In 2025, it seems there is still a lack of a robust definition of an emerging category of artificial intelligence-driven drug discovery companies (hereinafter, AIDD).
The purpose of this report is to suggest a qualitative framework for classification of AIDD companies, combining the four key attributes that define the leading players in this area:
- Focus on holism vs reductionism in biology
- Creating robust AI platforms (software)
- Priority of data acquisition
- Technology validation (via demonstrable ability to discover novel targets, discovery and develop clinical-grade drug candidates rapidly, a track record of platform partnerships, scientific publications, patents, and so on)
We will delve deeper into framework discussion below, but in a nutshell, it boils down to this:

Indeed, abstracting from specific characteristics of a tech stack and platform design, there are three key value points of an AI platform on business outcome:
Is a computational platform scalable and robust enough to impact the R&D workflow, people collaboration patterns, and daily decision making of a wide range of specialists of a given organization to make a productivity difference?
Is it able to represent biology in silico down to sufficient depth, but also sufficient breadth to be able to grasp relevant and useful dependencies, patterns, network biology effects, to be able to impact scientific decision-making beyond mainstream research workflows?
Is the AI platform capable of addressing the above two questions in a repeatable, stable, standardized way across all levels of R&D workflows in the organization? Would a third-party collaborator be able to get sustainable value out of using the AI software if they had access?
In our opinion, AIDD is about being able to answer “yes” to all three questions. This is what makes the AIDD platform a tangible business asset.
“AI Drug Discovery” is About Holism
As we explore the newly suggested framework, one key distinction emerges: the difference in what we attempt to model and represent computationally in today’s AI-driven landscape versus what was typically addressed using earlier generations of computational tools.
A helpful starting point is to consider the conceptual gap between traditional software—developed decades ago and still widely used in drug discovery for specific tasks—and modern AI-enabled platforms that are increasingly positioned as end-to-end solutions. While both types of tools play valuable roles, their underlying philosophies differ significantly.
In simple terms, “traditional” or “legacy” cheminformatics and bioinformatics rely on human-driven approaches: cheminformatics uses predefined chemical descriptors (like molecular weight or logP), statistical methods and some machine learning approaches for tasks like QSAR modeling and docking, while bioinformatics applies statistical methods, including dimensionality reduction techniques, to analyze complex biological datasets (e.g., genomics, proteomics) and uncover potential drug targets. These methods are hypothesis-driven, modular, and work with smaller, well-structured datasets.
Conceptually, legacy computational systems and simpler machine learning methods are useful in the paradigm of “biological reductionism.” And they do a great job there, even today.
Classical reductionist approach example is structure-based drug discovery, where it is believed modulating a specific protein is an answer to a drug discovery problem (it sometimes is). The computational part, therefore, is mostly focused on narrow-scope tasks like fitting a ligand into a protein pocket (docking), or, computationally identifying a new type of chemistry for a given target (ligand-based virtual screening).

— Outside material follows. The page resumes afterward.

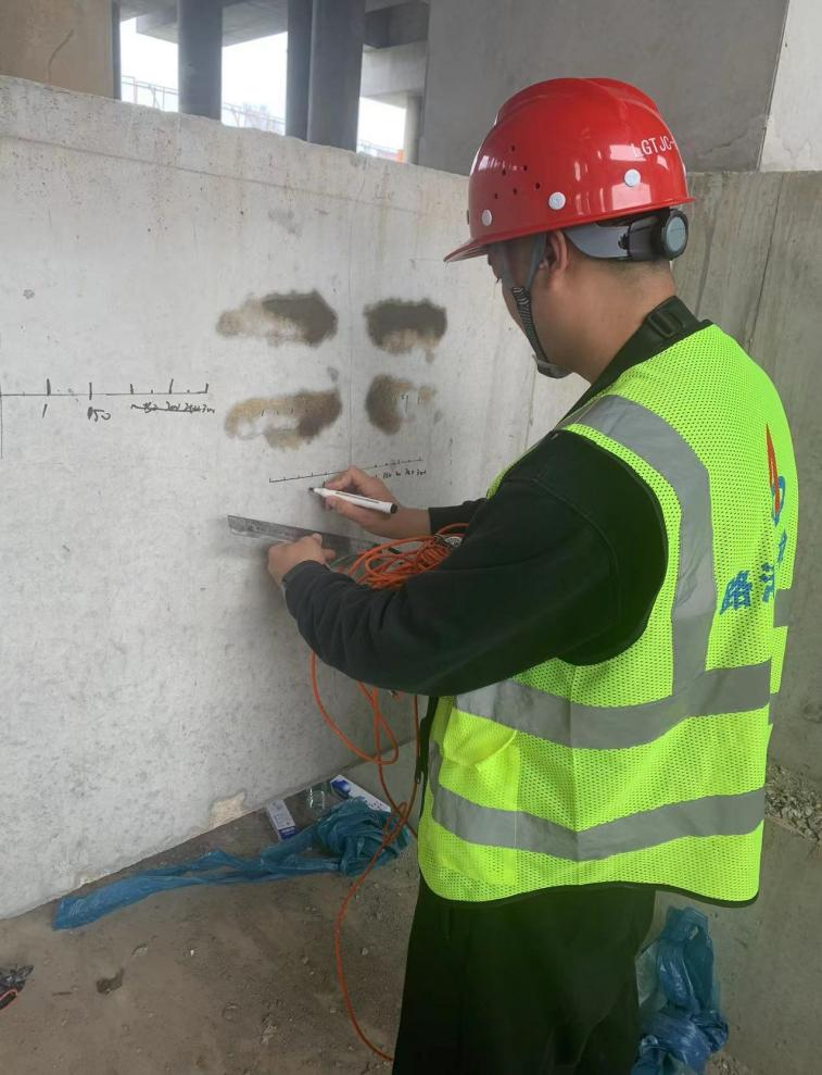 范春生,路港通檢測(cè)外檢事業(yè)部檢測(cè)員,正在對(duì)一項(xiàng)目的混凝土結(jié)構(gòu)進(jìn)行裂縫深度的檢測(cè)。混凝土結(jié)構(gòu)的裂縫是結(jié)構(gòu)問(wèn)題中最常見(jiàn)的。深度是評(píng)估其安全性的重要指標(biāo)之一。掌握混凝土測(cè)裂縫深度的方法和意義,可以幫助大家更好地了解混凝土結(jié)構(gòu)的安全性,及時(shí)發(fā)現(xiàn)結(jié)構(gòu)裂縫問(wèn)題,采取相應(yīng)的措施進(jìn)行修復(fù)和加固,有效預(yù)防結(jié)構(gòu)事故的發(fā)生。

In stark contrast, cutting edge AI-driven drug discovery companies attempt to shift to a systems biology level, a hypothesis-agnostic approach, using deep learning-based systems to integrate largely multimodal data (phenotype, omics, patient data, chemical structures, texts, images, etc.) to construct complex and comprehensive biology representations (e.g. “knowledge graphs”).

For example, the scientific underpinnings of Pharma.AI computational platform by Hong Kong based Insilico Medicine are rooted in a novel combination of policy-gradient-based reinforcement learning (RL) and generative models, enabling multi-objective optimization to balance parameters such as potency, toxicity, and novelty.
According to the company, a target identification PandaOmics module leverages 1.9 trillion data points from over 10 million biological samples (including RNA sequencing and proteomics) and 40 million documents (such as patents and clinical trials), using NLP and machine learning to uncover and prioritize novel therapeutic targets.
The Chemistry42 module applies deep learning, including generative adversarial networks (GANs) and reinforcement learning, to design novel drug-like molecules optimized for binding affinity, metabolic stability, and bioavailability.
In the context of clinical development, inClinico predicts trial outcomes using historical and ongoing trial data, offering insights into patient selection and endpoint optimization.
On an algorithm side of things, Pharma.AI incorporates advanced reward shaping, allowing it to fine-tune generated molecules to specific target profiles or polypharmacological goals. Additionally, Insilico emphasizes the use of knowledge graph embeddings, which encode biological relationships — such as gene–disease, gene–compound, and compound–target interactions — into vector spaces.
These embeddings are augmented by attention-based neural architectures, inspired by transformer models, to focus on biologically relevant subgraphs, refining hypotheses for target identification and biomarker discovery.
The platform employs a continuous active learning and iterative feedback process, retraining models on new experimental data, including biochemical assays, phenotypic screens, and in vivo validations, to accelerate the design–make–test–analyze (DMTA) cycle by rapidly eliminating suboptimal candidates and enhancing lead generation.
Furthermore, the platform’s multi-modal data fusion integrates textual information from published literature, patents, and clinical trial data with omics-level insights and chemical libraries. To this end, Natural Language Processing (NLP) models are used to extract relevant biological context and side-effect annotations from these textual sources, which are then enriched with phenotypic screening data, enabling a holistic view of the drug discovery process.
You can familiarize yourself with some of the aspects of the Pharma.AI platform by reading a recent paper “A small-molecule TNIK inhibitor targets fibrosis in preclinical and clinical models” (image below is from the paper).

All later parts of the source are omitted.